The sides of a triangle have the equations y=-1/2x+1, y=2x-4, and y=-3x-9. Verify that the triangle is an isosceles right triangle. Algebraic solutions only!

Method:
solve for the vertices by solving the 3 different pairs of equations.
The take the length of sides between pairs of points using the distance formula √[(x2 - x1)^2 + (y2 - y1)^2]

I will do one of the vertices:
y = 2x-4 with y = -3x-9
2x-4 = -3x-9
5x = -5
x = -1
back in the first ...
y = 2(-1) - 4 = -6
so one vertex is (-1,-6)

let me know if it works out for you

how do i solve the one with the fraction?
do i multiply everything by two?
or put every thing over two?

Ok, I will do one more

y = -(1/2)x + 1 with y = 2x - 4

2x - 4 = -(1/2)x + 1
multiply each term my 2
4x - 16 = -x + 2
6x = 18
x = 3, then y=2(3) + 4 = 10

so another point is (3,10)

now you try the last one, let me know what you got.

3(x+2)=12

Actually in terms of method, the method you used for the second point is right

But there was a small error in calculation :)

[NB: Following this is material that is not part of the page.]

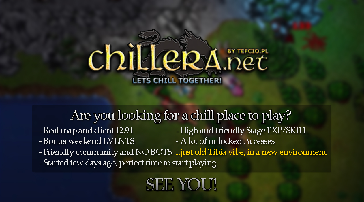 Hej! Przychodzę do Was z projektem w miarę spontanicznym, aczkolwiek z sensownym zamysłem. Jak nazwa mówi, stawiamy na pełen relaks podczas rozgrywki, opracowaliśmy raty oraz skrypty/dostępy tak, aby grało się u nas jak najprzyjemniej - jako dobra rekompensata na dobry koniec dnia po pracy/szkole. Również jesteśmy graczami, aczkolwiek z czasem bywa ciężko - pracujemy, mamy wiele swoich zajęć i miejsce dla takich graczy jak my chcieliśmy zrobić. Jesteśmy fanami real tibii, nie gustujemy w Evo ani żadnych grubszych customach. W związku z tymi wszystkimi aspektami, pragniemy zaprosić Cię na spa, miejsce relaksu pełne nostalgii - na chillera.net. Server full real tibia 12.91, z dostępami, chillowymi rateami oraz śmiesznie tanim sklepem(bez pay2win, jedynie dekoracje/outfity/mounty). Nie mamy na celu zarobku z posiadania OTSa, mikropłatności związane głównie z elementami dekoracyjnymi mają na celu autonomiczne utrzymanie się serwera. Czyli po prostu wszystko jest reinwestowane - w razie większych przychodów - w rozwój maszyny, na której stoi serwer. Osoby odpowiedzialne za sprawy techniczne to osoby z wykształceniem informatycznym/programistycznym i z doświadczeniem w dziedzinie webmasteringu. Serwer jest bezpieczny i w pełni stabilny, a napotkane błędy będą w miarę możliwości czasowych na bieżąco naprawiane. Serwer wraz z rozwojem real tibii będzie wprowadzał update'y bliźniacze do tych z reala.

-(1/2)x + 1 with y = 2x - 4

2x - 4 = -(1/2)x + 1

multiply each term my 2
*accidentally multiplied -4 by 4 to get 16, should be -8

4x - 8 = -x + 2
*And then over here you got 6x= 18 but bringing over that -(1)x would mean 4x +1 x =5x not 6x

5x = 8+2
5x=10
x/5=10/5
x = 2,

*Over here the formula should be y= 2x -4, not y=2x+4 which I'm sure is just a small error you did in a rush

then y=2(2) - 4
y= 4-4
y=0

so another point would be (2,0)

Hope this helped